- **Provided material**
▬▬▬▬▬▬

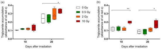 Effect of X-ray irradiation on triglyceride accumulation in human adipocytes. (a) Human primary pre-adipocytes and (b) SGBS pre-adipocytes were exposed to 0.5, 2, and 10 Gy X-rays and differentiation was initiated. The quantification of triglyceride accumulation was performed on day 10 and 20 after irradiation (medium change was not performed). Boxplots show the median, Tukey whiskers (median ± 1.5 times interquartile range) and mean (+). N = 4, * p ≤ 0.05, ** p ≤ 0.01, using a two-tailed t-test.
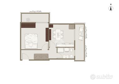 L'appartamento si apre su un ingresso con disimpegno che conduce a una spaziosa camera matrimoniale, corridoio, bagno finestrato, cucina abitabile e due ampi balconi, ideali per godersi momenti di relax all'aria aperta.
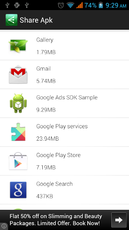 "Share Apk" is the app for you. You can backup / share the application within seconds.
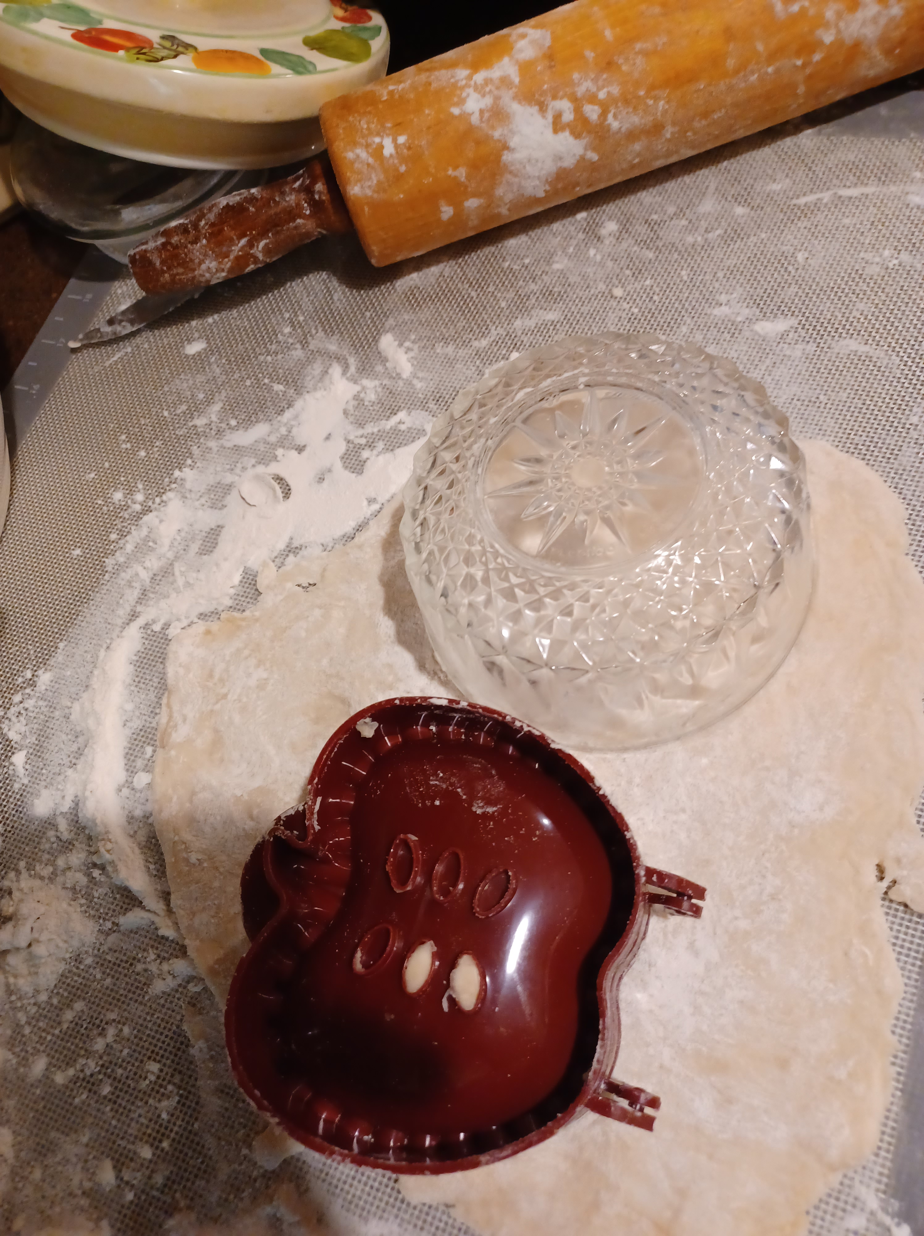 I made my own pie dough, but you could easily use ready-made refrigerated crusts for this project, you would need to roll them out a little to start.

▬▬▬▬▬▬

- **Instructions to follow**
The answer must be an exact copy of the lines from the one with "application within seconds." through the final line above, both ends included, and nothing else; pictures stay out.

- **Finished task**
 "Share Apk" is the app for you. You can backup / share the application within seconds.
 I made my own pie dough, but you could easily use ready-made refrigerated crusts for this project, you would need to roll them out a little to start.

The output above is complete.